Alanah Davis: The Cultural Benefit of Good Grief

Graphic by Alanah Nichole Davis.

Let me start off by saying that I’m not a grief counselor, a licensed social worker, an ordained minister, or a rabbi, but I do know a thing or 10 about loss. In my time here on Earth, I’ve lost toys like Duncan Yo-Yo’s (an old favorite), thoughts, pets like goldfish, and even humans like my father.

When we lost my father…not to the woods or anything like lost makes it sound. But he went on to see what the end was going to be, as old Baptists would call it, or Death in layman’s terms. Anyway, when we lost my father, or when any of us as Christians has a person close to them pass away, we traditionally hold a burial. Many cultures, religions, beliefs, and even atheists themselves have practiced traditions for when someone or something transitions from the earth.

In Judaism by tradition, Jewish law requires that the deceased be buried within 24 hours of death. It’s customary for a Jewish funeral service and burial to be arranged promptly for people who loved that person to pay respect to the dead and their family. 

In some instances, people opt for cremation, which is the most inexpensive means of burial in which the body is reduced to ashes and placed in an urn or another container. The ashes can be buried, interred in a columbarium (which apparently is like a library for dead bodies) or you can scatter your loved one at a beach as we see in movies.

I apologize if I’m at all clunky with my words — it’s just death that makes me uncomfortable. I believe it makes us all uncomfortable, maybe some more than others. I sat at my mother’s dining table the other night trying to get through one episode of “Your Honor” featuring Bryan Cranston, where (spoiler alert) there was a horrific scene in which they depict with much gore a young boy taking his last breaths after a motorbike accident. Despite this, like many TV shows, being fictional, I still had that feeling in the pit of my stomach, a dry throat, and a need for water to wash my trauma down with my meal. 

Alanah Nichole Davis

Whether real or imagined we’ve all been ingesting, subject to, and dealing with copious amounts of loss, which presents us with grief — or as it’s defined by Webster’s dictionary, “deep and poignant distress caused by or as if by bereavement”…but what’s bereavement? Webster’s says bereavement is “the state or fact of being bereaved or deprived of something or someone”…OK one more, but what’s deprived? According to Webster’s, it’s, “suffering a severe and damaging lack of basic material and cultural benefits.”
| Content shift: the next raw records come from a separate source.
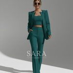 Ovaj sofisticirani set uključuje moderni blazer, elegantnu bluzu i udobne hlače – idealno za suočavanje s danom sa stilom. Bilo da se radi o uredu ili opuštenoj večeri, set Selina spaja maksimalnu udobnost s jedinstvenim stilom.
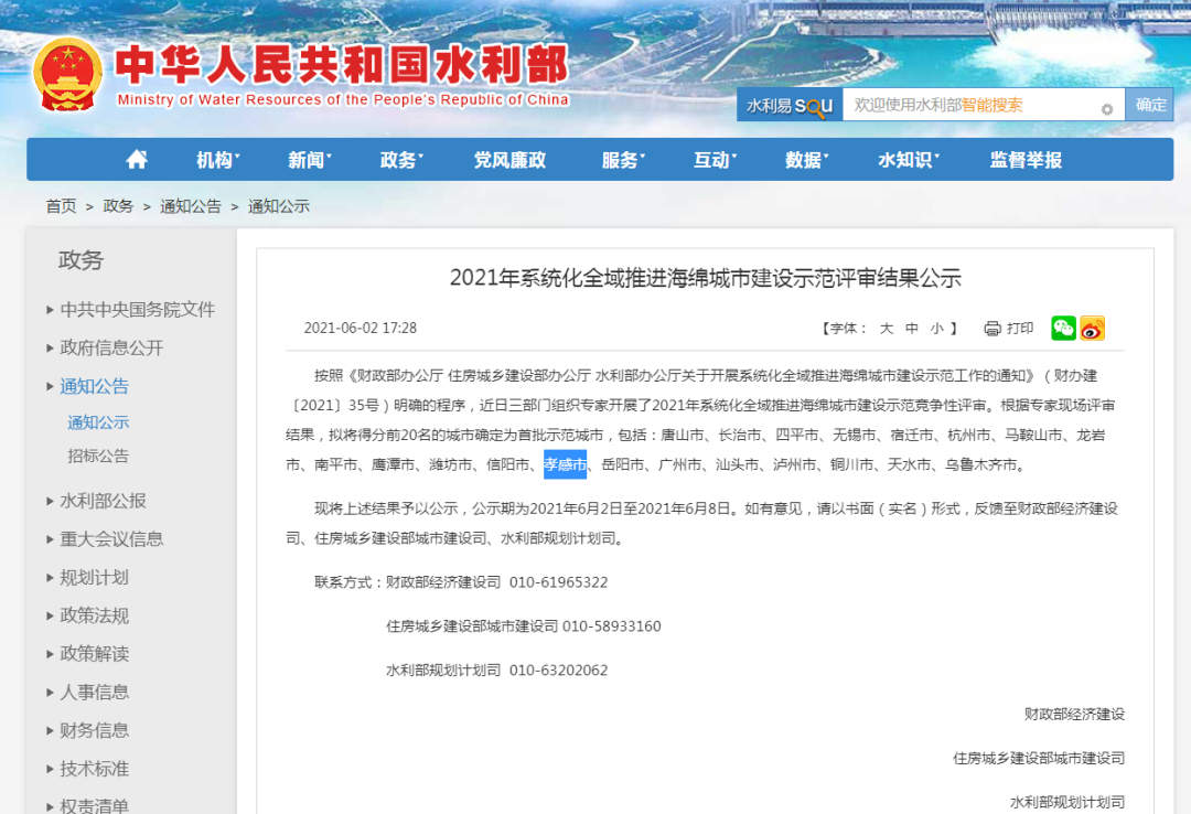? ? ? ?按照《財政部辦公廳 住房城鄉(xiāng)建設(shè)部辦公廳 水利部辦公廳關(guān)于開展系統(tǒng)化全域推進海綿城市建設(shè)示范工作的通知》(財辦建〔2021〕35號)明確的程序,近日三部門組織專家開展了2021年系統(tǒng)化全域推進海綿城市建設(shè)示范競爭性評審。
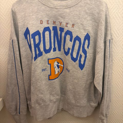 H&M collegegenser for dame i størrelse L. Genseren er hvit og laget av bomull. Den har rund hals, ribbekanter og trykk med «Las Vegas Raiders» foran. Passer som en casual genser til hverdagsbruk.
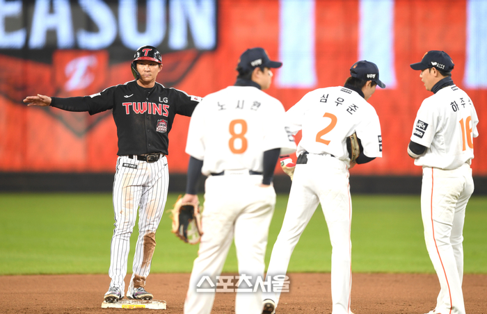 LG 오지환이 30일 대전 한화생명볼파크에서 열린 2025 KBO 한국시리즈 4차전 한화와 경기 7회초 1사1루 박동원 내야땅볼 때 2루에서 비디오판독 결과를 기다리고 있다.
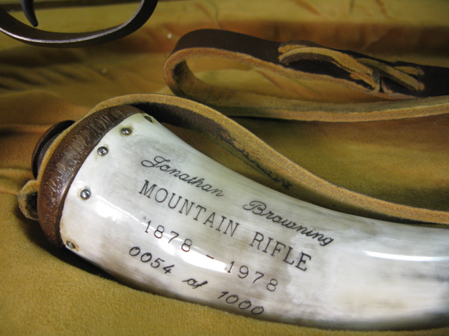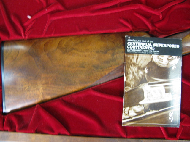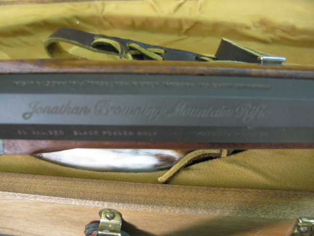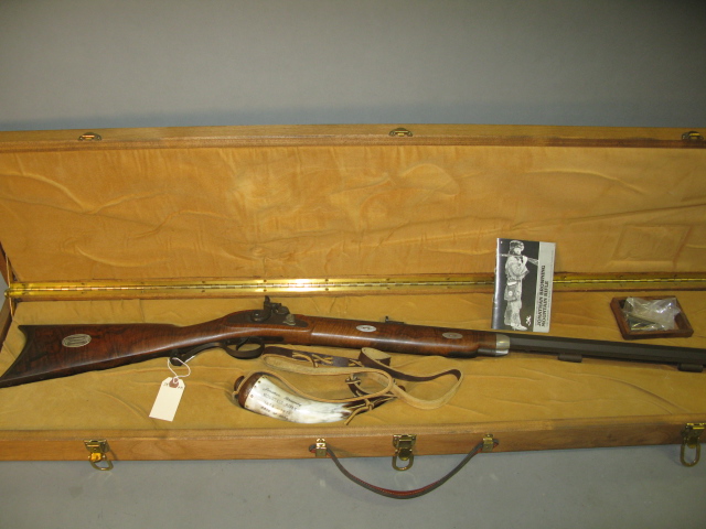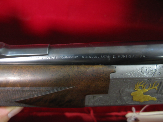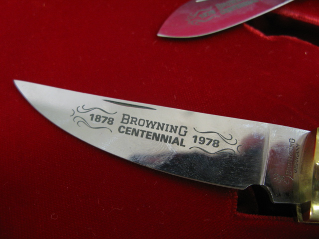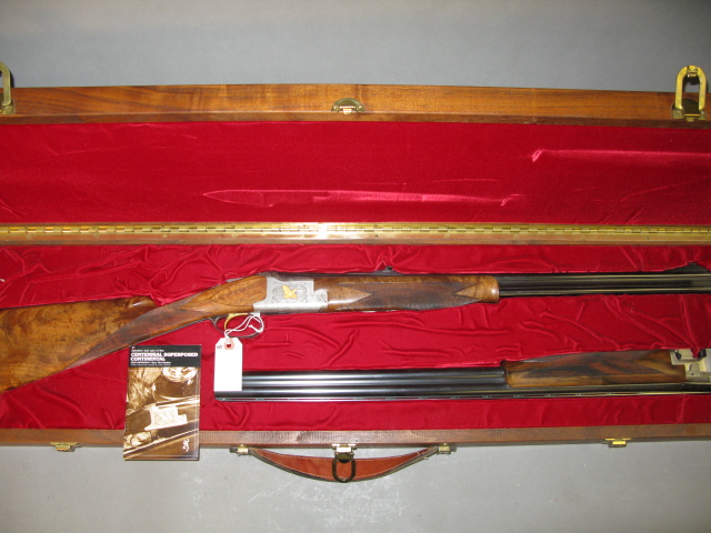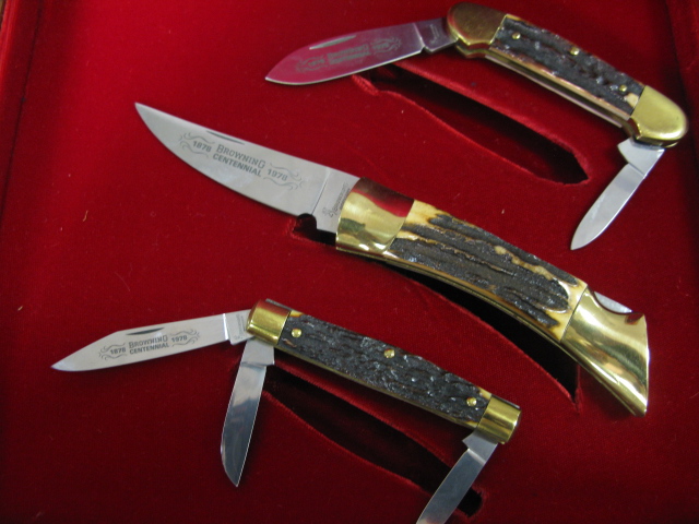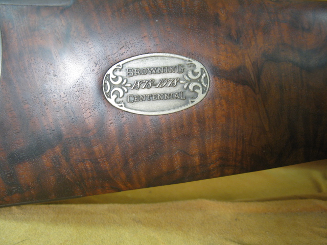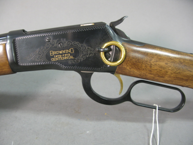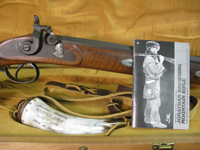 Browning Centennial set, all with matching serial numbers, consisting of: A Browning superposed over/under 30-06 model, 24 with ramp fixed sights, 26 1/2 shotgun barrels with vent rib, single bead sight, 3 chamber, having French gray receiver scroll engraved with gold inlaid grouse on right side, 10 point buck on the left side, and under side marked with a bust of John Browning and Browning Centennial, with gold washed trigger, Serial # 1878C-0054. B Browning model B.92, .44 caliber rifle, lever action, with gold washed trigger and ring, lightly inscribed action with gold washed Browning 1878 – 1978 Centennial on the right side, Serial# 1878B-0054. C Jonathan Browning Mountain Rifle, .50 caliber black powder, walnut stock with pewter forearm cap, iron crescent butt plate, comes with wood cleaning ram rood, commemorative powder horn, all in fitted case, Serial # 1878A-0054. D Along with a polished nickel 9mm luger single action automatic pistol with fixed sights, gold plated trigger with presentation case, three Browning folding knives in presentation case, Serial # 1878D-0054. Serial#’s: A 1878C-0054, B 1878B-0054, C 1878A-0054, D 1878D-0054, E set of 3 matching buck knives, serial # 0054, codes 38, 39, 40 and 41
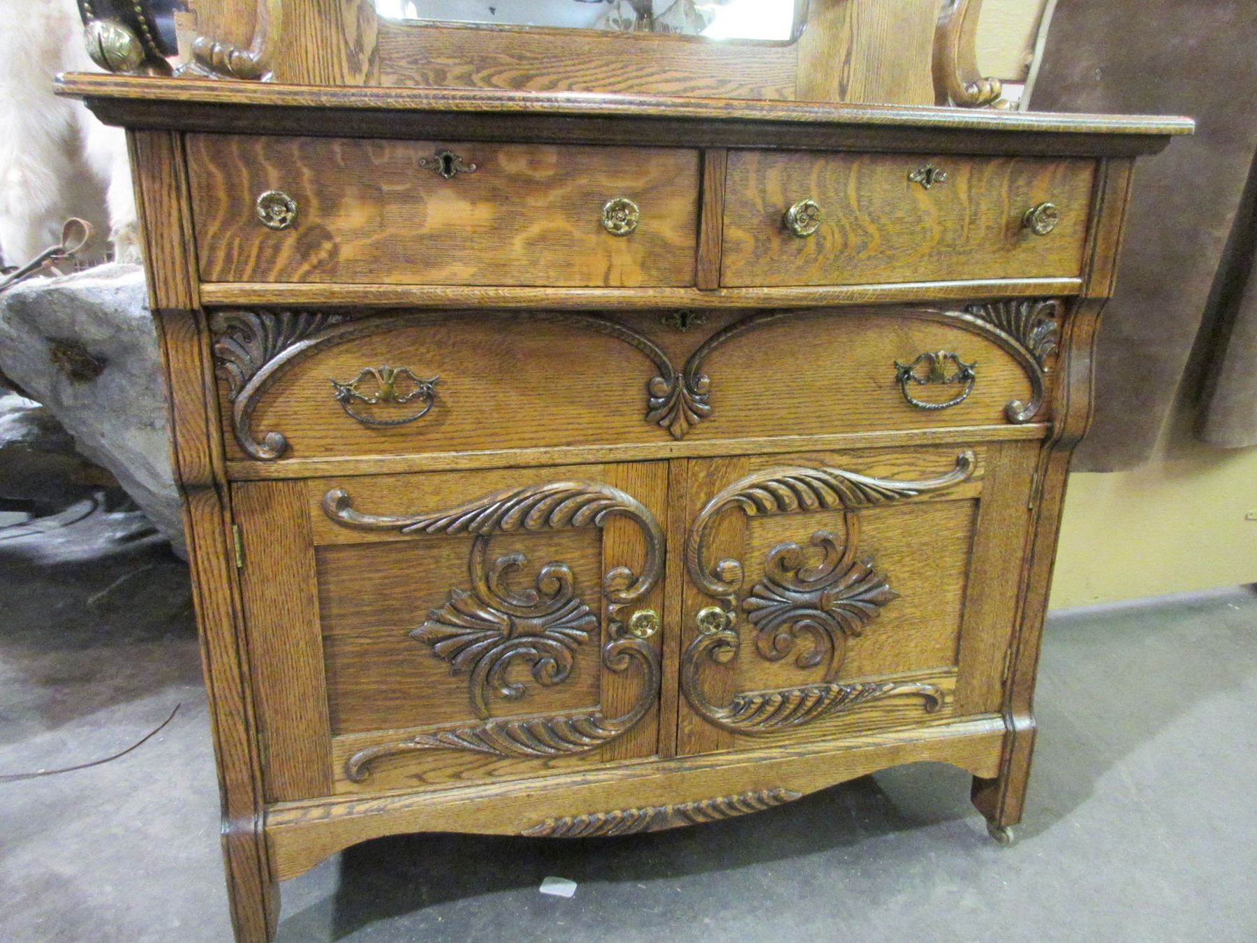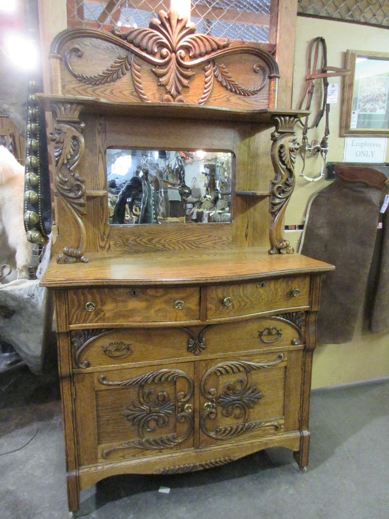 Immaculate Oak Buffet- Mirrored Back With Shelf- Extensively Carved- Original Hardware- Lion Heads- Casters- 80"H X 43"W X 21"D
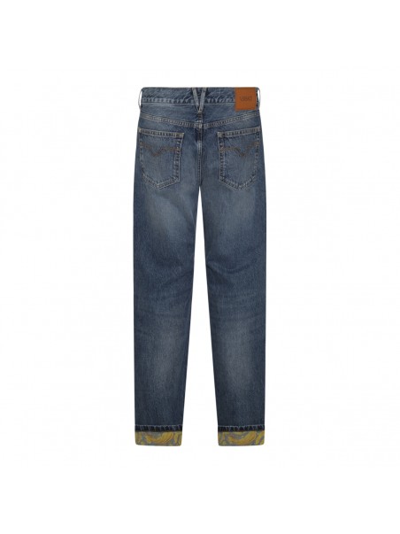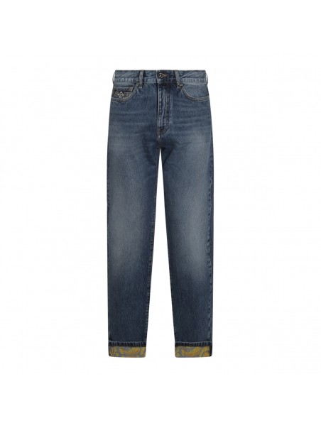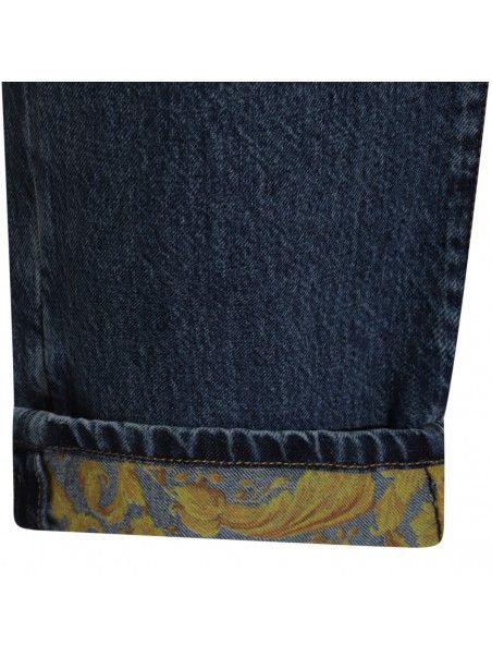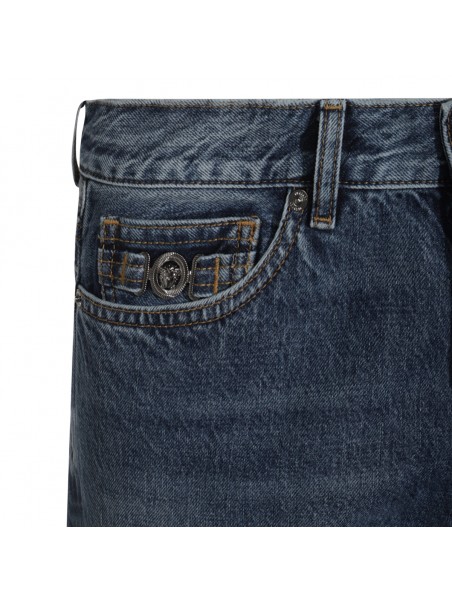 Indigo blue cotton jeans from Versace featuring frontal fastening, belt loops, pockets and regular vestibility.
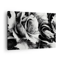 Obraz na plátně - Černé a bílé růže v elegantní kompozici - 70x50cm - Vždy královnou - Moderní nástěnná dekorace do obývacího pokoje a ložnice ARTTOR
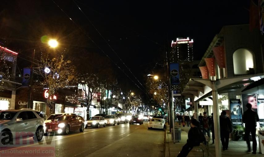 Later, we took a stroll along Robson Street, one of the first streets in Vancouver, and was named in honour of John Robson, Premier of British Columbia from 1889-1892. Today, it is Vancouver’s most famous shopping street and a well-established fashion district. I especially loved seeing various parts of the city at night; with Christmas season, the lit trees and decorative lights are so festive!
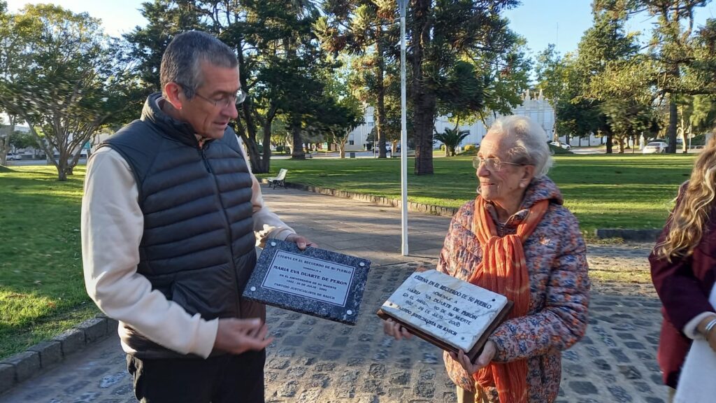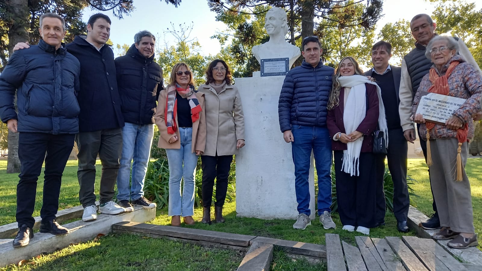 En la mañana de hoy, el intendente municipal Maximiliano Suescun, junto al intendente del partido de General Viamonte, Franco Flexas, y al secretario de Planificación, Mario Ibargoyen, acompañó a las autoridades del PJ local en el acto de reposición de la placa del busto de Eva Perón, ubicado en Plaza Mitre.
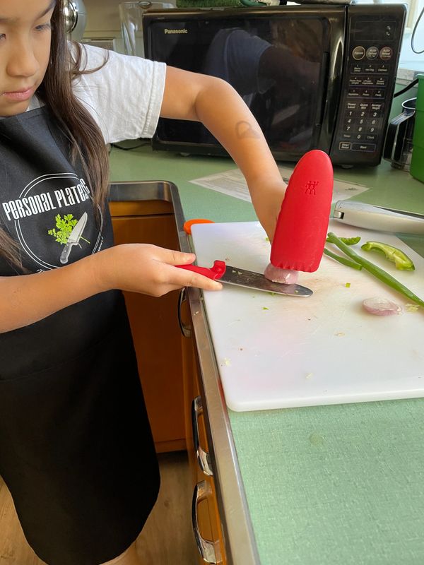 It’s Knife Skills Day! Chef will help guide their budding Chef Jrs to begin to develop their knife skills safely with a choice of plastic or curved ended knives with finger guards. Students will prep vegetables and learn about cross contamination and meat safety.
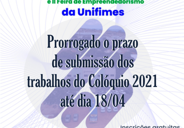 A Diretoria de Pesquisa do Centro Universitário de Mineiros através da Prof. Dra. Glicelia Pereira Silva, vem através deste informar que o prazo para submissão dos trabalhos do V Colóquio Estadual de Pesquisa Multidisciplinar, III Congresso Nacional de Pesquisa Multidisciplinar e II Feira de Empreendedorismo da UNIFIMES foi prorrogado [...]

BINGO! There they were, the words I had been looking for to define what I felt I lacked in not being able to lay my racing thoughts to rest or even wrap my head around the deaths of folks I may have never known who may have lost there lives to COVID-19, the numbers they used online and in the news to define their lives.

Burial is a cultural benefit. A funeral or burial is a cultural benefit. Even cremation and heartfelt Pacific Ocean ash scatter is a cultural benefit. We sit presumably on Zoom calls away from one another missing social interaction. We’re apart but not too far when we are together, masked both inside and out. Grieving the loss of something we lost almost a year to the date now, our old normal. 

In this capitalistic society we’ve built we are driven to work at no end. I’ve Googled, “Will millennials have Social Security benefits?” one time too many and held in tears on video chats two times too many. I’m grieving, crying, and staying under my blanket when a lot of us are, and that’s just it. In the late 1960’s, a Swiss-American author by the name of Elisabeth Kübler-Ross published a book called “On Death and Dying” and in it, she coined the five stages of grief, which are denial, anger, bargaining, depression, and last and certainly not in my wheelhouse most days, acceptance.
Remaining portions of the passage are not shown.